Parental Influence

All four of the women interviewed for this project had parents who supported them in their choice to work in STEM fields. A common trend between the four women is that their fathers all worked in STEM fields and were mentioned by the women as important influences. Though a trend of fathers might be surmised to occur due to the masculinist frame of STEM fields, the interviewees held both their parents in high esteem. The explanations correlate with research on the topic of parental influence on women in STEM. Hoferichter and Raufelder explain they found that "while for girls, mother and father support in 8th grade were associated with better grades in math and biology, for boys, neither mother nor father support were significantly related to their STEM performance." (2019, "Mothers and Fathers—Who Matters for STEM Performance?")

Dr. Kirtly Parker Jones

Dr. Kirtly Parker Jones, M.D. 

Dr. Jones discusses the significant role her father played in her early years. Her father received a Fulbright Scholarship to study geology and there was definitely the presence of early scientific influence there. She mentions how she was taught foundational biology from an early age, and after taking biochemistry she decided that medicine was the route she wanted to take.

“So if you have a dad who teaches you earth science from the time you're little, it's big. It's fascinating. All you need to do is have a little bit of information and then open your eyes and it's everywhere."

Cynthia Burrows and DNA

Dr. Cynthia Burrows posing next to a model of the DNA double helix. This is in connection with her current work in DNA. 

Dr. Cynthia Burrows, P.h.D.

When interviewed, Dr. Burrows did not mention a specific experience from one parent that inspired her to pursue science. Instead, she was able to say that she learned things from both her engineer father and her stay-at-home mother. 

“I was a skier at an early age. My brother, my older brother didn't really care for camping and canoeing and all this stuff. So I did all those things with my dad and did all of the domestic things like making  cookies with my mom, and I did all of that camping and skiing activities with my dad. So it ended up being...a nice balance to have things that I did with both my mom and my dad.”

To this day, she carries the love for outdoor activities that her father inspired. She also says this love is what made her want to back in the mountain west. While her father's STEM career may have helped in her early exposure to science, Dr. Burrows claimed that her main influence was her high school honors chemistry course.

Lisa Diamond, Ph.D 

Lisa Diamond grew up in a home in Los Angeles. Her father, a research cardiologist, took the time to talk with her and encouraged her to be involved in his work. Though she didn’t understand much at such a young age about her father's work, she did her best to engage in the conversations.

Lisa Diamond Parental Roles

“My dad started to give me copies of his academic papers and he would publish them which [were] about things that I completely did not understand, they were like statistical modeling of like cardiovascular risk factors and using like Bayesian models to predict myocardial infarction and I was like well, no I cannot, I cannot understand the sentences, dad.”


She did understand that he was hoping to create a scholarly relationship between the two of them, however. Looking back, she tells us she had “no idea what [he was] talking about, but I realized, now, that that was his way of trying to connect with me.” 

Amy Sibul, M.S. 

For Amy Sibul, her fascination with science started as a kid living in the foothills of the Rocky Mountains in Colorado.
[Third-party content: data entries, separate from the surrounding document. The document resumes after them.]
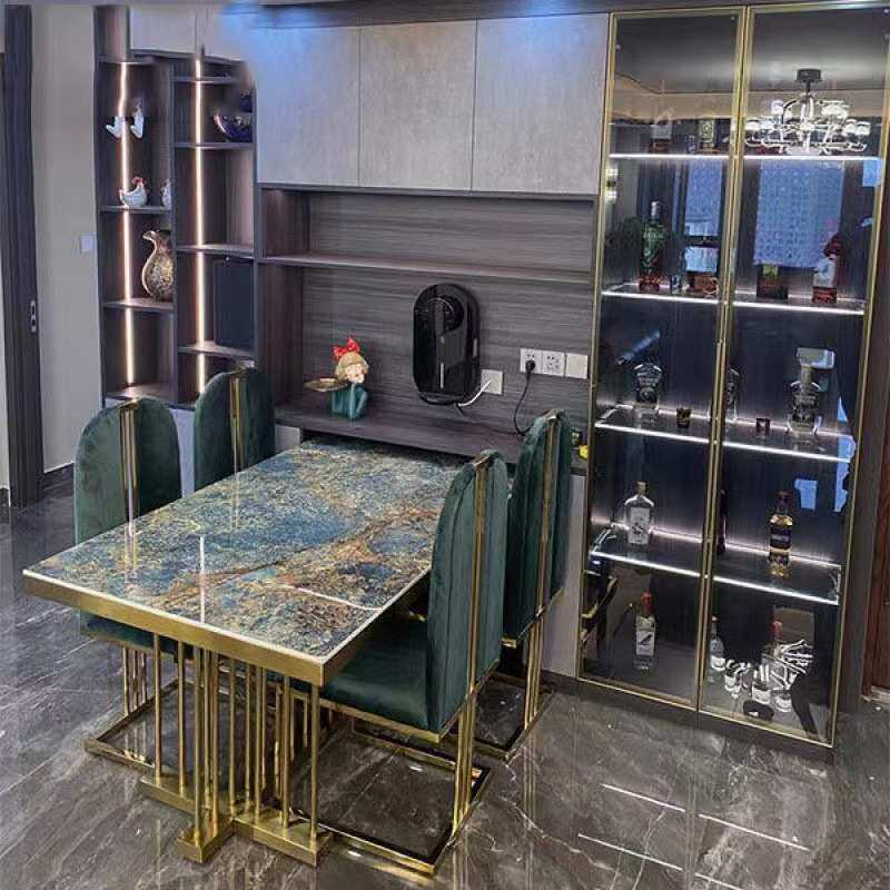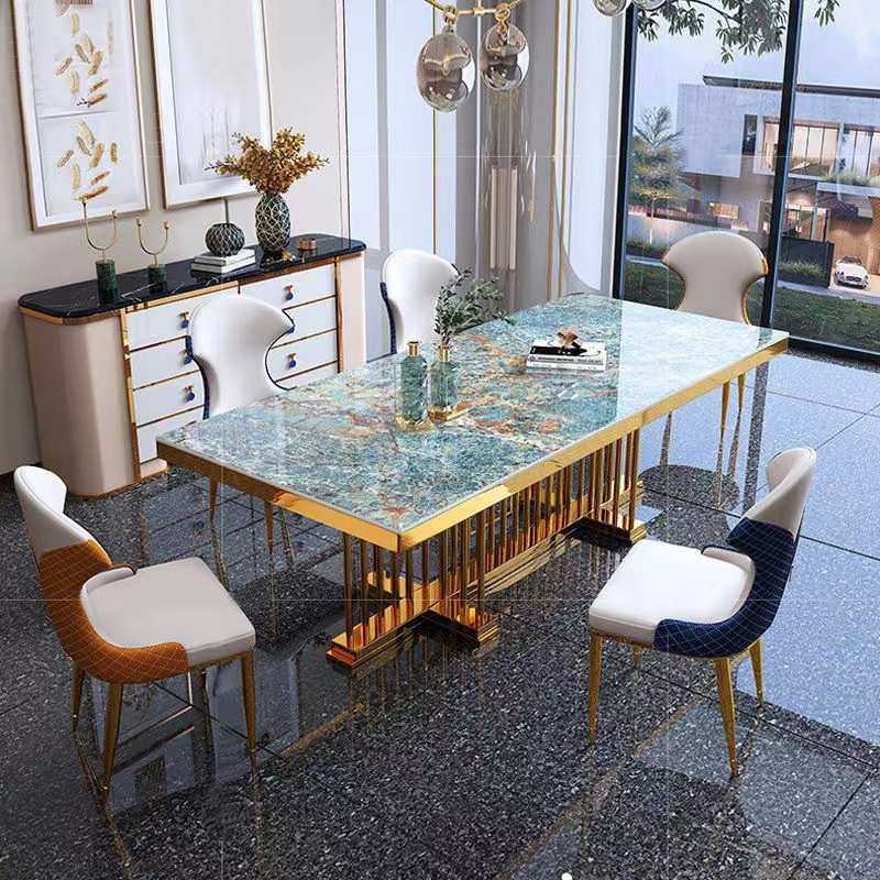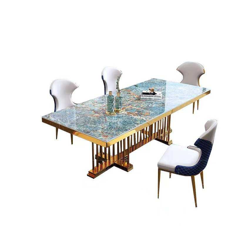 轻奢大理石餐桌长方形后现代吃饭桌简约小户型不锈钢钛金色餐桌子
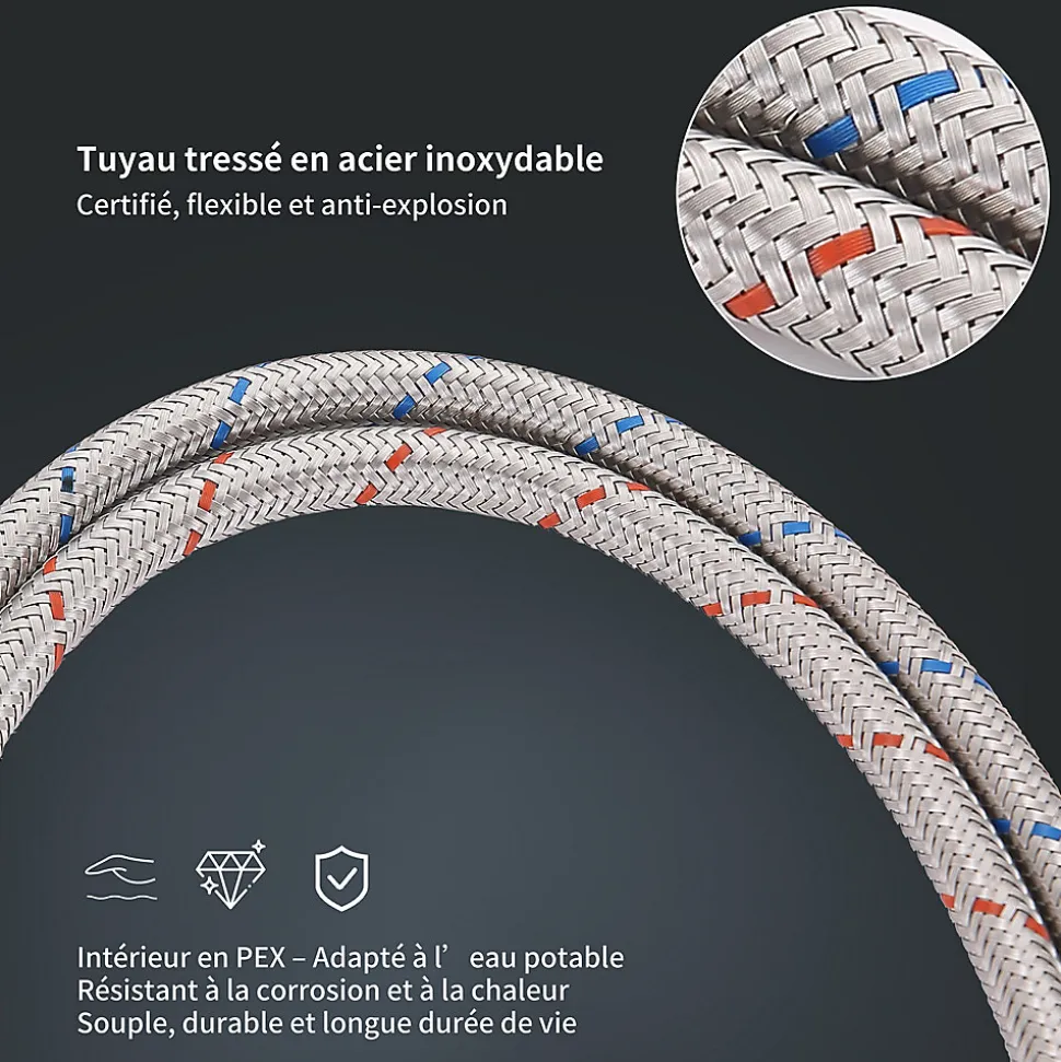 - Flexibles fournis 600 mm : Raccordement M10*1–G3/8″, longueur 600 mm, pratique pour la plupart des installations domestiques.
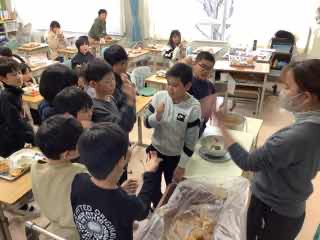 初の提供のため、味も見た目も興味津々の子供たち。

It was here, with this wonderful access to public lands, that Amy was able to explore and appreciate the wonders of the natural world. On top of that, her dad was a radiologist, but majored in zoology in college, and he taught her plant and animal identification. While Amy’s mother was interested in anthropology, she never pursued that, choosing instead to be a stay-at-home mom. However, Amy vividly remembers her mom telling her as a kid,

"Keep your 20s to yourself...give yourself permission to be selfish and pursue your own selfish interests before you move on to marriage and parenting.  That instilled a really powerful message in me and that is exactly what my sister and I both did."